May
11, 2004
No
Blank Cheque for the RAV Line
Premier
Gordon Campbell said that TransLink's
decision to reject the RAV
Line baffles him. The failure of yet another P3
experiment must be an embarrassment for the Premier. According
to Campbell, the "BAFO"
(best and final offer proposals) process should have been
completed. Campbell reiterated his blind faith that the private
sector would assume the risk and the cost would come down
through negotiation. The truth is that the municipal tax base
would be responsible for the full risk of all cost overruns.
Campbell did not offer to save the municipalities harmless
in exchange for approving his scheme. The RAV Line did not
receive the kind of blank cheque treatment that has been guaranteed
for any overruns the 2010 games may experience. Cost overruns
for RAV would come out of the narrow municipal tax base, mainly
property taxes. Cost overruns for 2010 will come out of the
provincial tax base, including resource revenues.
The Provincial
Government, TransLink (the Greater Vancouver Transportation
Authority) and the Vancouver International Airport Authority
agreed to provide $300 million each to the RAV Project in
2003 dollars. On the eve of TransLink's decision, the federal
government upped its offer to $450 million. How can it be
that regional politicians turned down a total of $1.05 billion
in transit funding from the airport, provincial and federal
authorities? Perhaps it is because they are financially responsible
and know that the project was already in the red before any
of the usual cost overruns associated with tunneling had emerged.
In an
attempt to salvage something from the failed project, some
Campbell apologists attempted to politicize TransLink's decision
with cries that it was based on a flawed decision structure
or on philosophical objections to public-private-partnerships.
The Vancouver Board of Trade's Darcy
Rezac called on Campbell to restructure the TransLink
board so as to include more business interests and to consider
taking over the RAV project.

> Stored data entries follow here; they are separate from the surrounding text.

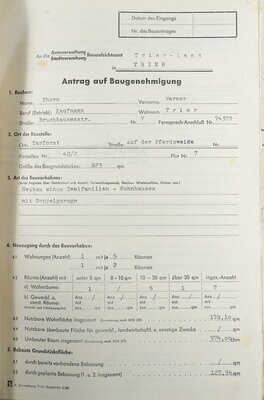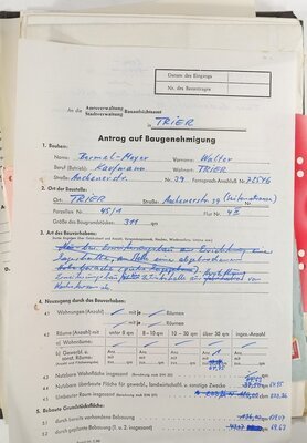 Eine Mappe mit diversen Unterlagen des Gunther von Sümmerens, der in dieser Zeit als Ingenieur für Hochbau tätig war. Primärgeht es um zwei Bauvorhaben in den Trierer Stadtteilen Pallien und Tarforst aus den Jahren 1964 und 1969 bei denen Günther als Bauplaner tätig war. Laut den Anträgen auf Baugenehmigung handelte es sich 1964 um den Bau eines Gewerbegebäudes in der Aachenerstraße 39 durch den Kaufmann Walter Bermel-Meyer. 1969 ging es um den Neubau eines Zweifamilienhauses in der Tarforster Straße „Auf der Pferdeweide“ durch den Kaufmann Werner Thorn. Daneben befinden sich aber auch noch andere Dokumente aus der Zeit von 1956 und 1969 in der Mappe. So zum Beispiel Rechnungen, Quittungen, Notizen und Bauzeichnungen.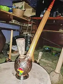 The word chalice (along other permutations such as chalwa, chali, etc.) is often used to refer to marijuana itself, which certain Rastafari consider to be of specific religious importance as they believe it is a gift from Jah.[1] The term "lick the chalice" refers to Rasta communing with Jah.[2][3] A group of practitioners gather in a communal meeting, known as "groundations," a prayer is said, and the chalice lit and passed counter-clockwise among the group.[4]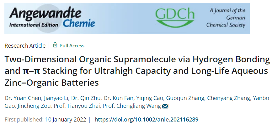 在小分子的基础上,进一步扩大共轭体系,利用氢键和π-π相互作用,抑制了材料的溶解,获得了目前容量最高的有机锌离子电池,可稳定循环10000次之上(Angew. Chem. Int. Ed. 2022, 10.1002/anie.202116289)。学院博士后陈远、本科生李健垚和南京大学博士后朱琴为论文共同第一作者,王成亮教授为论文通讯作者。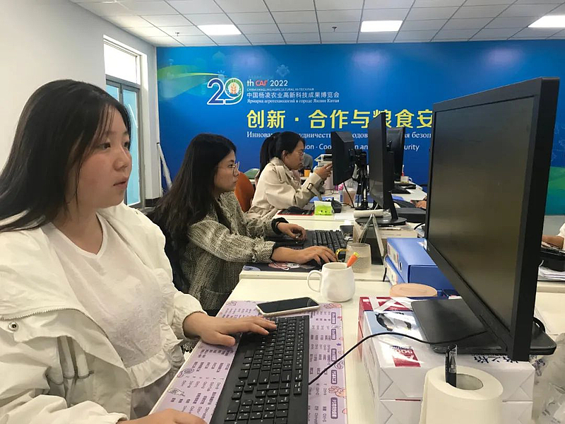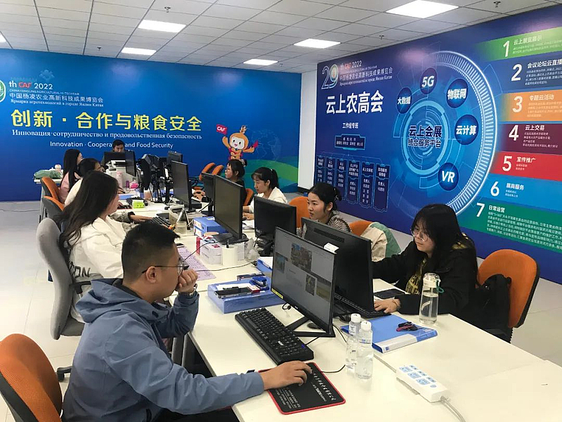 8月30日,记者来到位于农高会C馆的“云上农高会”内容运营及展商服务组办公室,10多名组员坐在电脑前,或敲击键盘,或电话不断,大家紧张有序地忙碌着。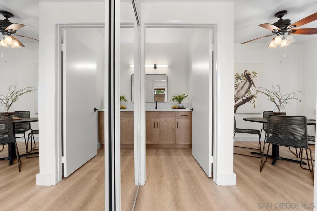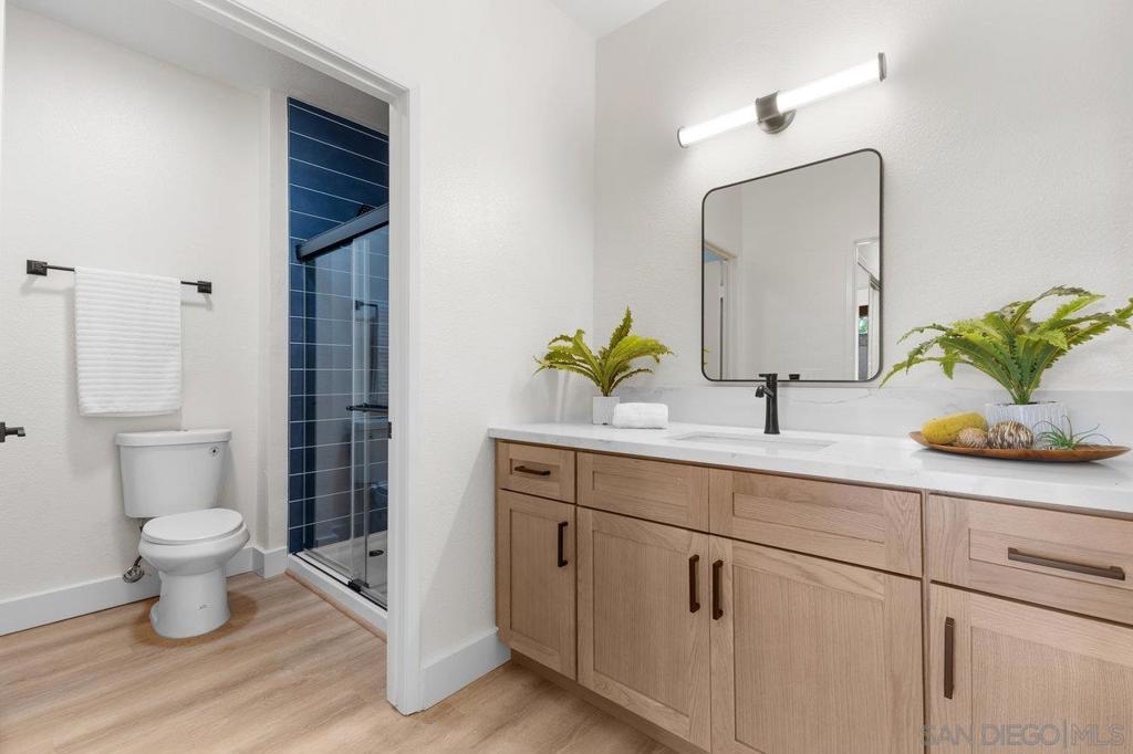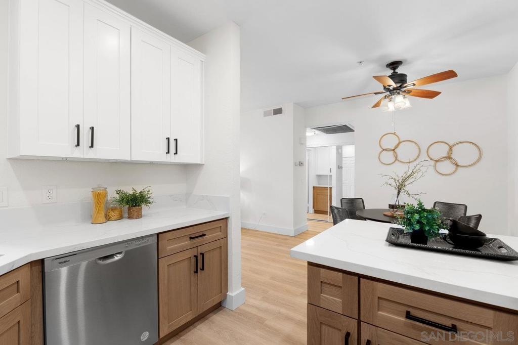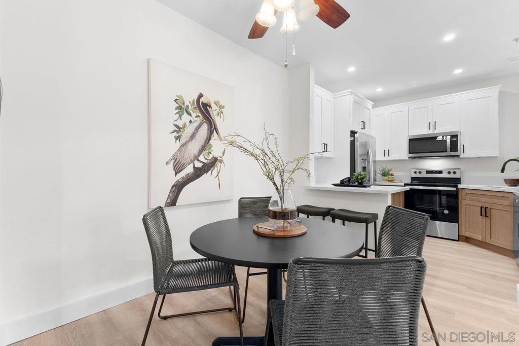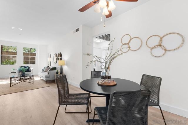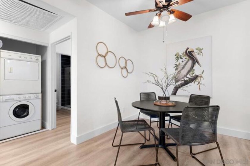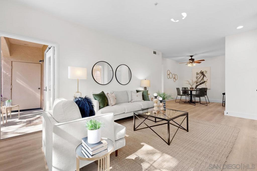 Enjoy resort-style living in beautiful home located in the desirable gated community of Morada at Bernardo Vista del Lago. Downstairs unit has expansive vaulted ceilings and tons of natural light and PARKING SPACE! Gorgeous luxury vinyl wood floors throughout the living room, dining area & spacious bedroom with walk-in closet. Access your private patio from the living room or your bedroom, and large storage closet on patio. In the hallway you'll find a full sized washer & dryer, and they convey along with all new appliances. Home was just renovated. Home includes a private garage with extra space for storage, where many only have an assigned spot in the carport. Additionally there is ample guest parking. The amenities are stupendous with 2 pools, tennis courts, an exercise room, billiard room & clubhouse. Conveniently located just off I-15, and 1 exit from the Westfield Escondido Mall with great restaurants. Explore nearby biking & hiking trails of Lake Hodges. HOA includes water & trash, exterior maintenance & all amenities.

Of course, Rezac was silent on
the point of whether he would also see the province dump cost
overruns onto municipal taxpayers with no democratic process
to authorize the taxation. Rezac is right about one thing,
if Campbell doesn't like the structure of TransLink which
was created by provincial
legislation in 1998, he can change it with a stroke of
his legislative pen. It is likely that Campbell will want
to keep TransLink as a political scapegoat, but to his disappointment,
he may find that the public supports the Board's decision.